Sliding doors
As we draw to the end of the year it is easy to become rather reflective. I have been reminded of what is and what could have been during an interstate trip this week. I moved to Sydney in 2015 when I was 25 years old. I since moved back to London and met my Australian husband which is why I now reside in Melbourne where he is from, but this week I am in Sydney for my darling cousin’s wedding. The day we arrived to our friend’s house I went out with my son in the pram and walked to the nearest Chemist Warehouse (a specific chain that sells my preferred formula and nappies). As I embarked on the walk home I meandered through a park that I used to frequent a lot during my 4 years in Sydney.
I pushed my son up the hill and saw this patch of grass near a couple having a picnic. I sat there when I was newly sober and shook with grief and pain that I had numbed for so long. I starred at the pub in eyesight and tears ran down my cheeks. I didn’t know how to exist without escapism. I imagined walking into the pub and beginning the descent into freedom from my thoughts. However I now knew that it would ultimately only exacerbate my pain. And so I was stuck in between a rock and a hard place.
Option 1): Avoid the current pain but worsen it in the long run
Option 2): Exist in the current pain and hope for some peace in the long run
I decided to pick up the phone instead of a drink.
Someone who ultimately became my mentor drove to collect me, with her kids in the back of the car, took me to her house, fed me pizza and ice cream and she listened to me. She listened to my story in a way that I’ve never felt before. Something changed for me that day. I felt seen and validated in my experiences and was shown the grace that proved to me I was worth fighting for. I decided I would fight for myself, for my own peace and my future.

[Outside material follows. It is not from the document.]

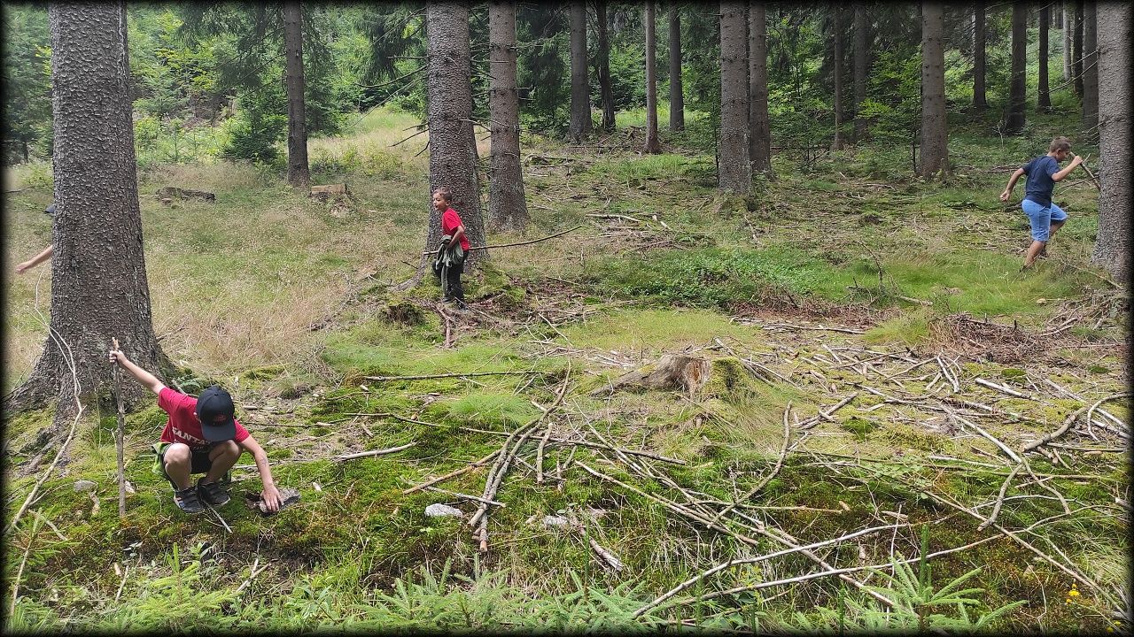 ÚTERÝ: Dopoledne nás čekal postřehový závod v lese, trasa byla dlouhá (2,5 km)! Našlo se hodně pozorných závodníků, kteří našli všechny obrázky. Odpoledne se konal desetiboj z netradičních sportů o medaile, večer byl táborák s buřtíky a náročný den jsme zakončili statečně stezkou odvahy.

That was over 7 years ago.
As I continued to walk along the path two days ago, the pub behind me shrinking in size and the patch of grass none the wiser at what it had sat with me through, I looked at my beautiful baby boy. I imagined my life if I hadn’t picked up the phone instead of a drink that day. A true sliding doors moment.
My boy wouldn’t be here. I wouldn’t be able to type the words that this is the happiest I’ve ever been in my life. I might not even be here.
By choosing my future that day, I got the opportunity to make thousands more decisions that brought me to this epic chapter I’m living now. It is through a series of tiny actions that I have been delivered here. They are all underpinned by two truths.
1. I am worthy of taking positive action for myself
2. Consistent tiny choices define a life
It may not be alcohol that is your Achilles heel. It might be that you talk a big talk but don’t take action. Or that you think letting yourself lie in on a Saturday morning instead of picking up the paint brush gathering dust on your desk is an act of self-care, when it isn’t.
Next time you are faced with an option of instant gratification or long term investment in your beautiful future, ask yourself this ‘what would a person who felt worthy do in this moment?’
They’d pick up the phone instead of a drink. They’d stop talking and start doing. They’d choose the paintbrush over the pillow.
Don’t wait until January 1st or 2nd to start implementing your best intentions. Choose you. Choose you, today. Your dream life depends on it.
I have more dreams to pursue now but 25 year old me sat in that park had began to bury the dream of the life I’m living today. I pretended I didn’t want this. I always wanted it. And I got it. Simply by showing up for myself and doing the work. Whatever your heart yearns for is within your reach too.
You are so worthy of your happiness.
If you can dream it, you can be it.
Start your journey of consistency now! Fuck January! Let’s get stuck in. If this email moved you in anyway, please hit reply and let’s connect. I love hearing back from you and I am here to create a movement of consistent tiny actions creating big beautiful lives.
As you read this I’ll be driving to the northern beaches with my husband and baby preparing for my cousin’s wedding blissed out. Next week’s newsletter will land in your inbox when I’m celebrating my husband’s birthday in our back garden with family and friends in the sunshine. It doesn’t sound big and grand. But it is the life I wished for that I almost didn’t get to live. Abundance of love. Connection. Inner peace. Purpose. Community and being of service.
WOW! I have just finished formatting this email when I went to pick up my phone to send myself the picture I used at the top and I received this message from my mentor mentioned above. We actually went for dinner tonight.
”You asked me if it was weird seeing you with a baby, for me I’ve seen you go through years of stress with illness, the move to UK, deal with major grief, new jobs, then moving into your own apartment, then engagement, then back to parents, wedding plans, 2 years of trying to get pregnant, IVF, move to Australia, more job hunting, you are the MOST peaceful, settled and content you’ve been in all that time now you’re a mummy, so it’s not weird, it’s natural and I’m just happy to see you in this place.”
I share this to say that it has been a JOURNEY!!!! But man oh man am I grateful to be here.
Thank you for being a part of me living out my dream through this space.